> Task brief
Beginning with the line that holds "2017年5月3日晚7点,b", copy every remaining line of the listing below exactly, and leave the pictures out.

> Provided material
..............................
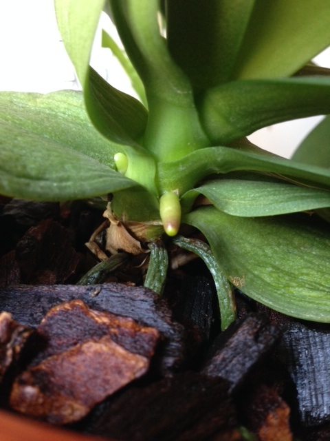 Because these orchids each have a new root and a new spike coming out, these photos are excellent examples of how to tell the difference between a root and a spike, as I’ve posted about in the past. You can very clearly see that the roots have rounded tips and the spikes have that flattened mitten-like shape. (It’s easier to see in the first image.)
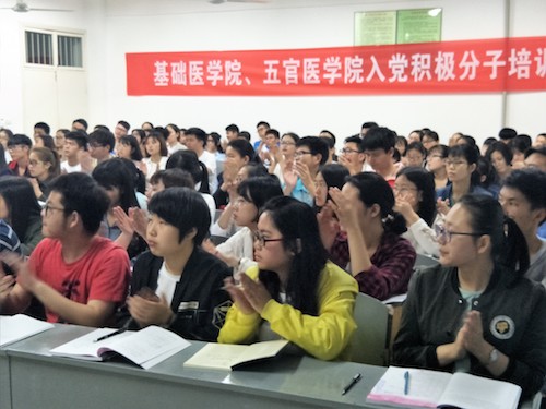 2017年5月3日晚7点,beats365唯一官网入口官网分党校入党积极分子培训班在解剖楼3楼教室举办了开班仪式。beats365唯一官网入口官网党校董事长程梦琳书记、beats365唯一官网入口官网分党校委会成员石裹莹老师、本期培训班的班主任夏阳老师和本次培训的62名入党积极分子参加了本次开班仪式。
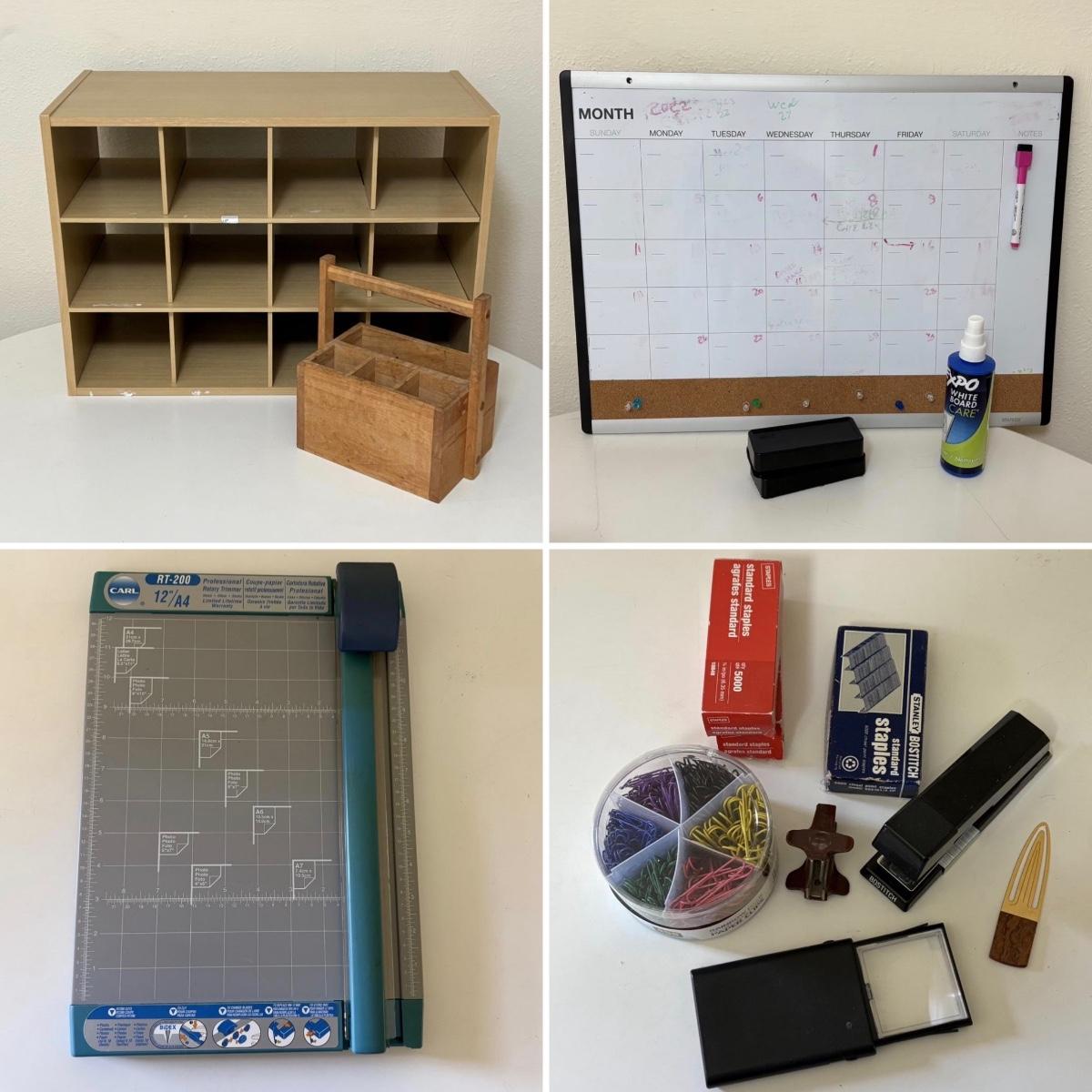 This lot includes a variety of office and organizational supplies, ranging from a desk lamp (that powered on when plugged in), to a white board calendar with a dry erase marker and erasers, a stapler, staples, and staple remover, etc. This lot also includes two lock boxes, one with a key and the other with a pin code included. Approximate measurements of 12-cubby storage unit are 23" x 12" x 16"H. The size each cubby is 5" x 12" x 5"H. The white board calendar will need a good scrubbing. We cannot verify the contents of the white board cleaner bottle.
..............................
> Your solution
 2017年5月3日晚7点,beats365唯一官网入口官网分党校入党积极分子培训班在解剖楼3楼教室举办了开班仪式。beats365唯一官网入口官网党校董事长程梦琳书记、beats365唯一官网入口官网分党校委会成员石裹莹老师、本期培训班的班主任夏阳老师和本次培训的62名入党积极分子参加了本次开班仪式。
 This lot includes a variety of office and organizational supplies, ranging from a desk lamp (that powered on when plugged in), to a white board calendar with a dry erase marker and erasers, a stapler, staples, and staple remover, etc. This lot also includes two lock boxes, one with a key and the other with a pin code included. Approximate measurements of 12-cubby storage unit are 23" x 12" x 16"H. The size each cubby is 5" x 12" x 5"H. The white board calendar will need a good scrubbing. We cannot verify the contents of the white board cleaner bottle.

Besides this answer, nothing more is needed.